Rather than doing them for you, I'll guide you through problem number three and have you do the rest. Problem one may look tough, but it's rather simple if you know properties of exponents and logs.

Alrighty, problem number three:

\(x + y = -2\)

\(y+4x=x^2\)

So, using substitution, we want to get one of the equations to start as either **y= **or **x=**. I'll just pick the first equation and make it start with **y=**.

\(x +y = -2 \Rightarrow x + y -x = -2 - x \Rightarrow y = -2-x\)

So, now our system looks like this:

\(y=-2-x\)

\(y+4x=x^2\)

Now let's work on the second equation in our system. Since we know that y = -2 - x, we can just plug that in whenever we see a y in equation two:

\(y+4x = x^2 \Rightarrow (-2-x) + 4x = x^2 \)

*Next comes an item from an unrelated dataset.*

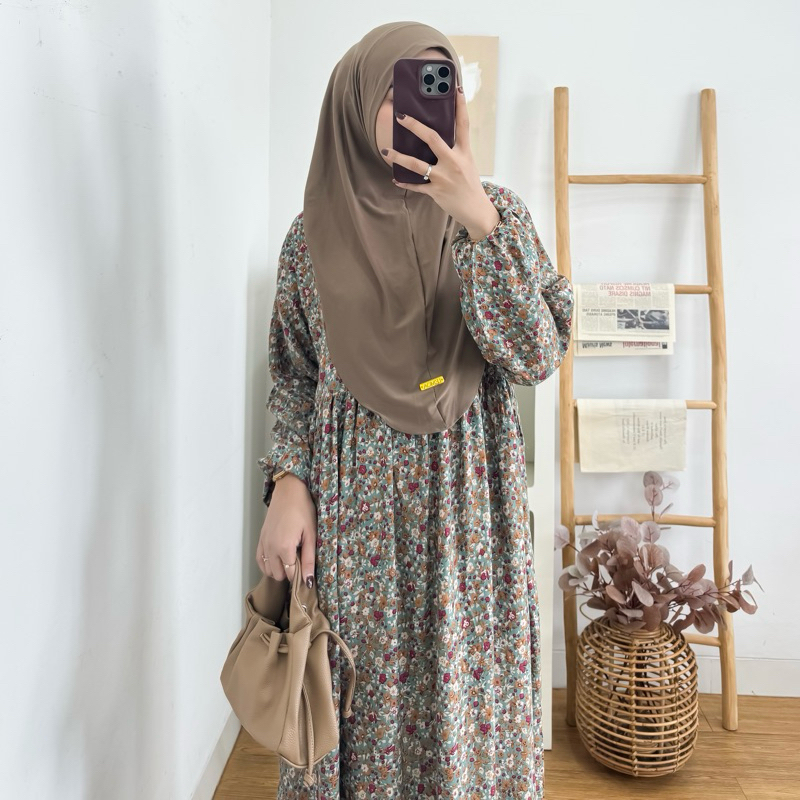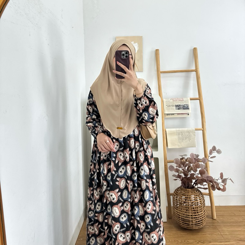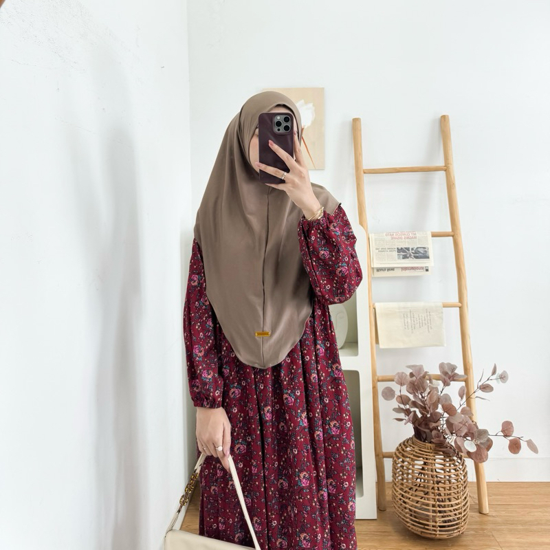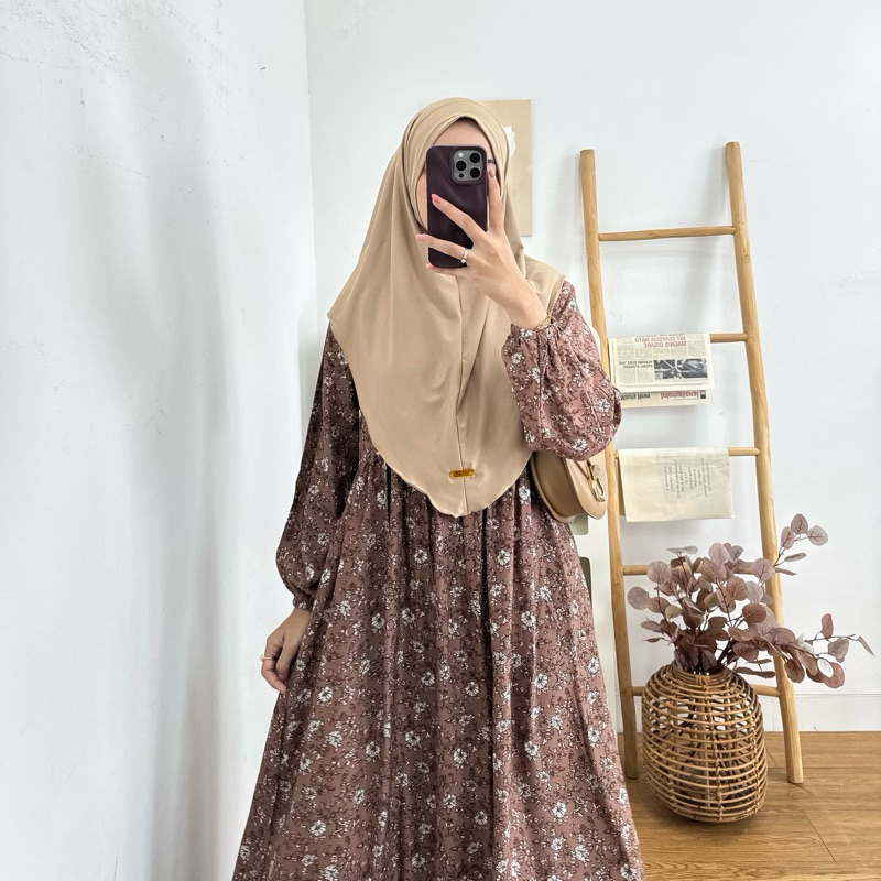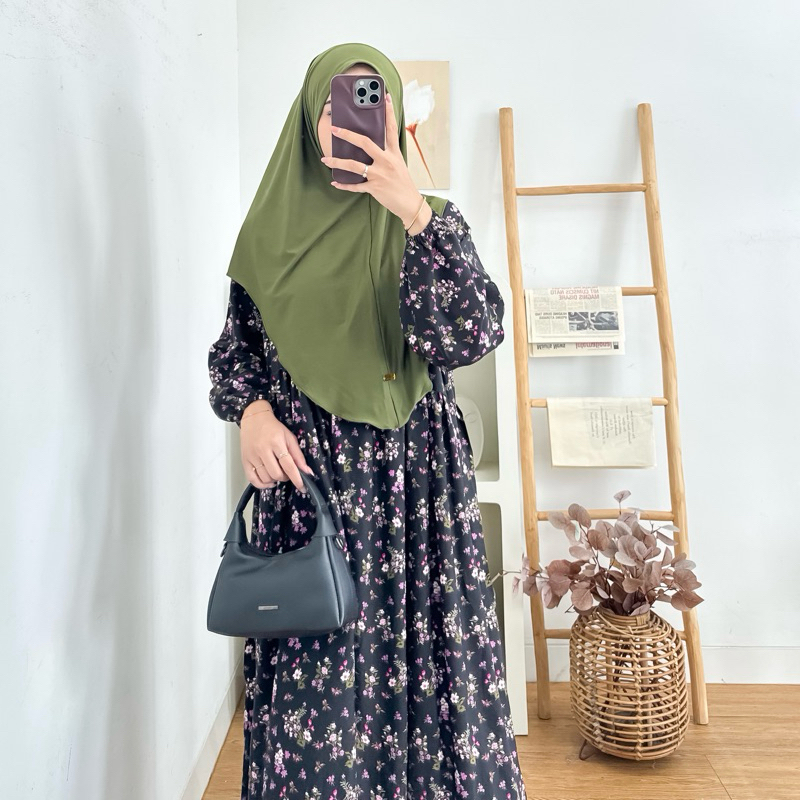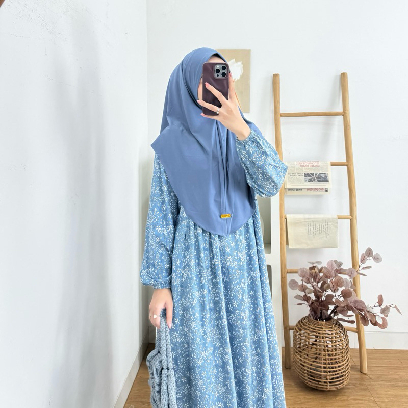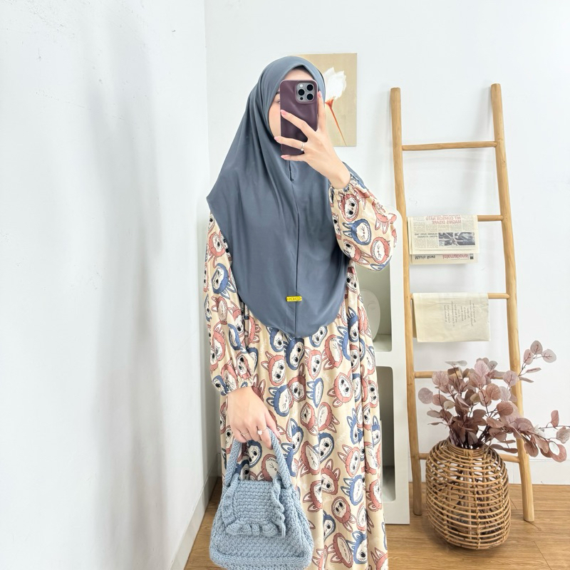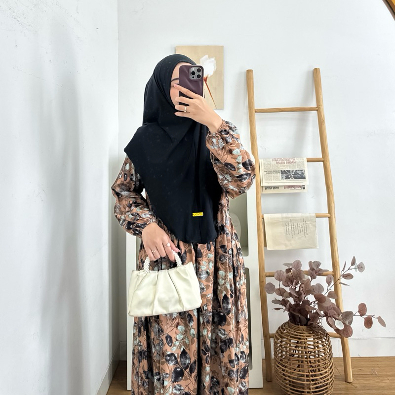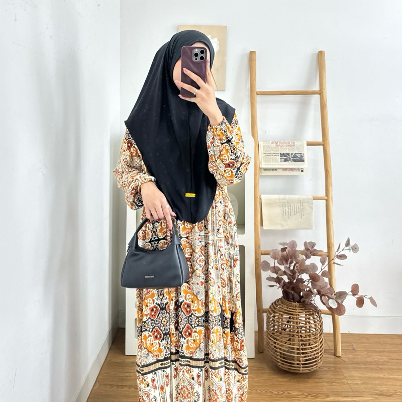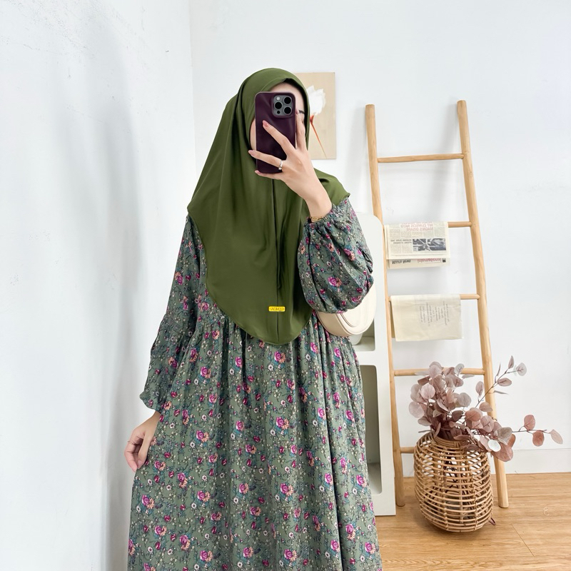 Arsy 2 Midi Dress and Hijab Set By Lemoa Rayon Gamis Motif Eid Clothes Muslim Women's Clothing
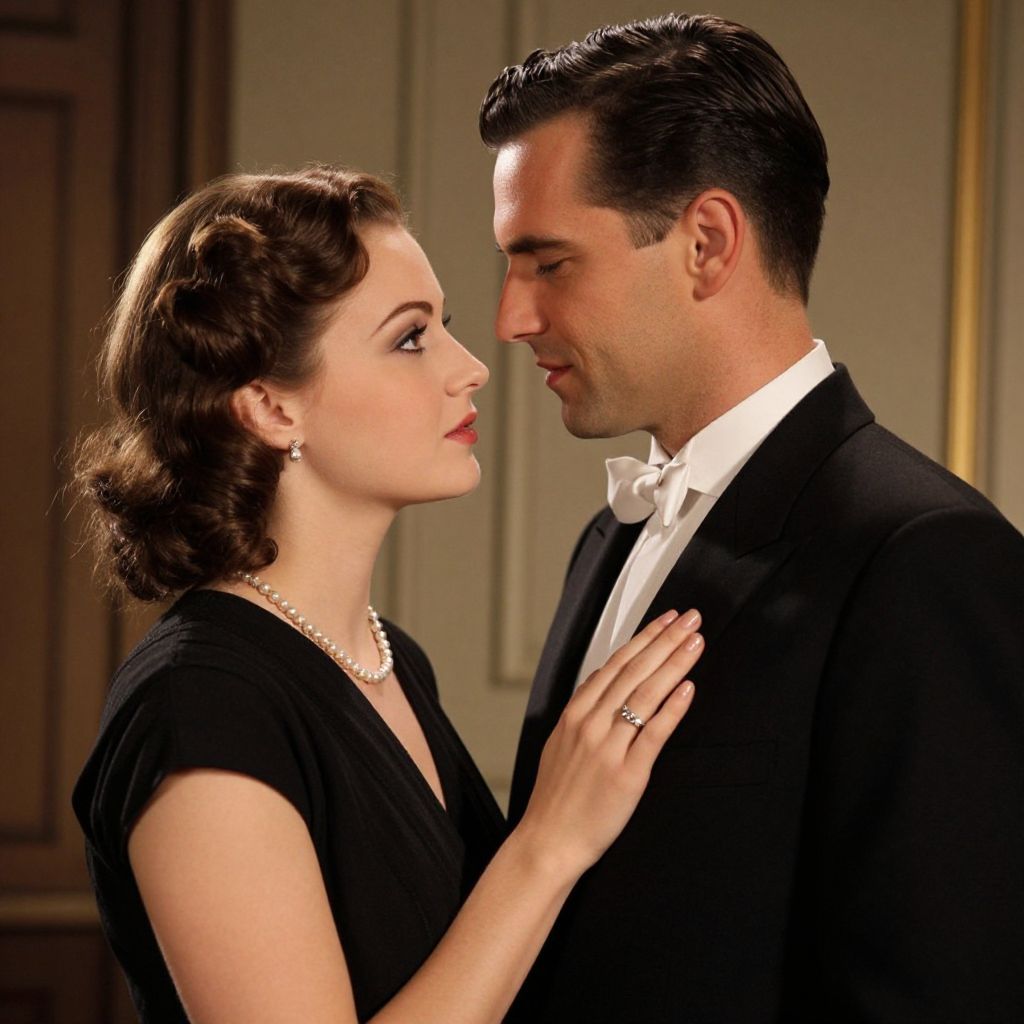 Intimate moment captured between two characters in formal attire, with the woman's hand gently resting on the man's chest, set against a warm, vintage backdrop reminiscent of classic cinema.

Woohoo! All x's! Let's simplify this to get our x-values now.

\(-2-x+4x = x^2 \Rightarrow -2 + 3x = x^2 \Rightarrow 0 = x^2-3x+2\) -->Now we factor

\(0 = x^2 -3x +2 \Rightarrow 0 = (x-2)(x-1) \Rightarrow 0 = x-2, 0 = x-1 \Rightarrow x=2, x=1\)

So, we've got our two x-values! Neat! Now let's go back to equation 1 and find our y-values using those nifty x-values we just found.

\(y = -2 -x\Rightarrow y = -2 - 2, y = -2 - 1 \Rightarrow y= -4, y = -3\)

So, we've got two x-values and two y-values; now we just put them together and we've got two nice ordered pairs as answers!

Pair 1: (2, -4)

Pair 2: (1, -3)

The other 2 follow the same process as this, just some different algebra to find your values.